### Record excerpts:
▽
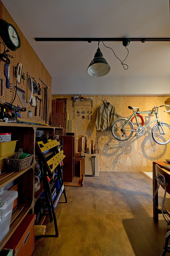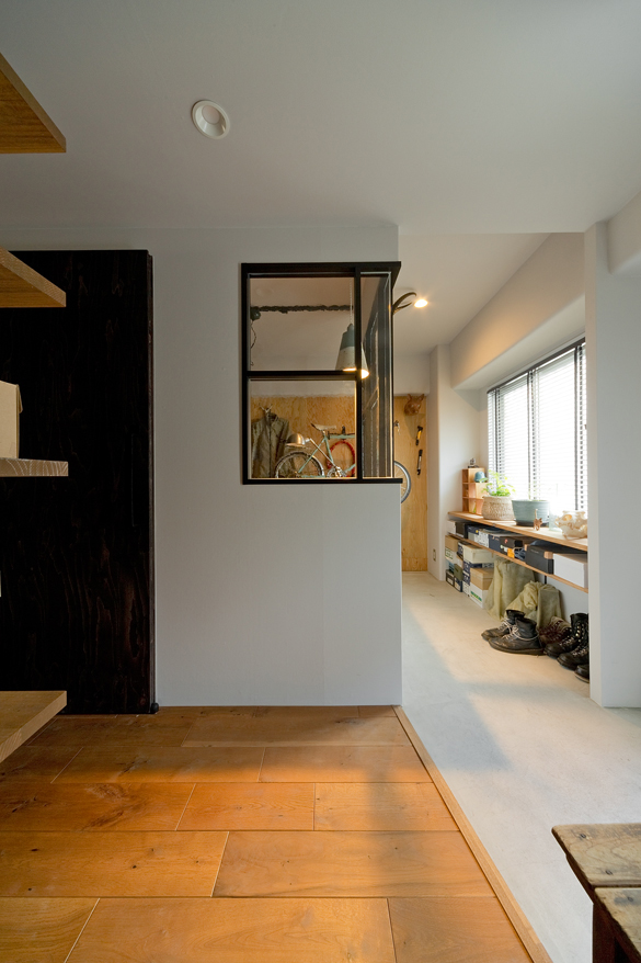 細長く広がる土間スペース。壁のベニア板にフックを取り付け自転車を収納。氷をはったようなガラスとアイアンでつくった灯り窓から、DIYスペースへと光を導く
△
▽
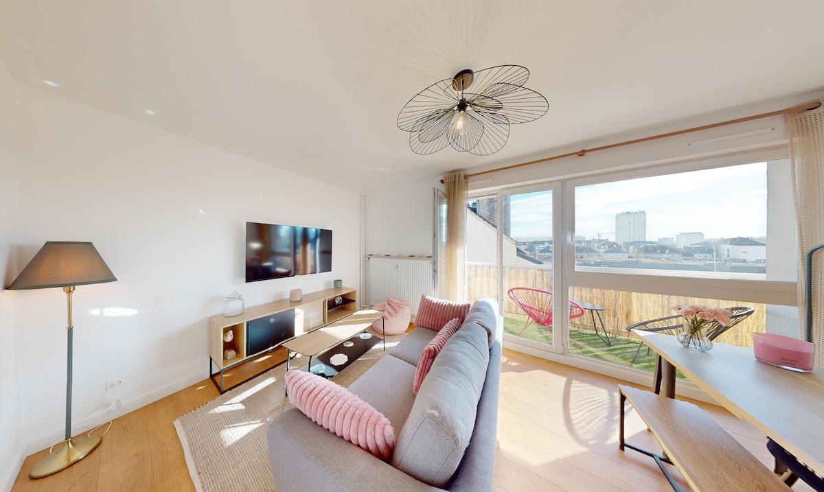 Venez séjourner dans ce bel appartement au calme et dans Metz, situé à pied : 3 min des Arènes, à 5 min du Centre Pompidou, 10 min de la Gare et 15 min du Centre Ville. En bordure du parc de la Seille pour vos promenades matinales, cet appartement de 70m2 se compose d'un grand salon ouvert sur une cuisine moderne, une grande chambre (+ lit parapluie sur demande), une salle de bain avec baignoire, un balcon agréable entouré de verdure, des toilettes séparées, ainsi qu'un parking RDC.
△
▽
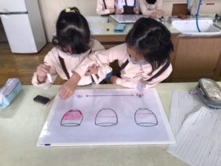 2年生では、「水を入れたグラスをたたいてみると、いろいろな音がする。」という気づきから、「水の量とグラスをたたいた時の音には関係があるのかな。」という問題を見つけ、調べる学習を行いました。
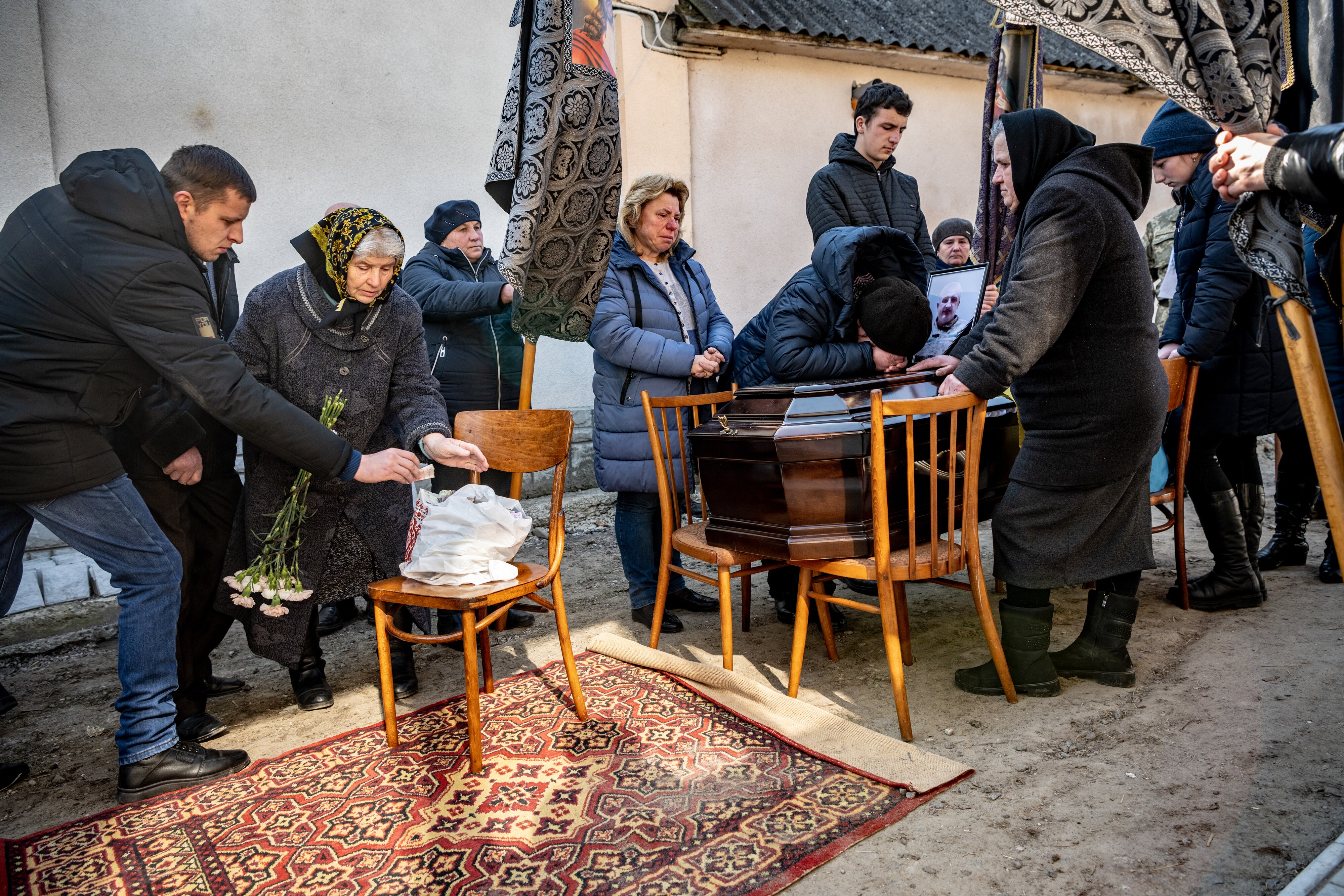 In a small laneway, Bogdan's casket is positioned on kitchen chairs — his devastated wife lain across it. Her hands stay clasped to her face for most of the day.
△
Given the listing above, retype only the span of lines from the line with "2年生では、「水を入れたグラ" up to and including the line with "In a small laneway, Bogdan's", exactly as it stands and without pictures.

 2年生では、「水を入れたグラスをたたいてみると、いろいろな音がする。」という気づきから、「水の量とグラスをたたいた時の音には関係があるのかな。」という問題を見つけ、調べる学習を行いました。
 In a small laneway, Bogdan's casket is positioned on kitchen chairs — his devastated wife lain across it. Her hands stay clasped to her face for most of the day.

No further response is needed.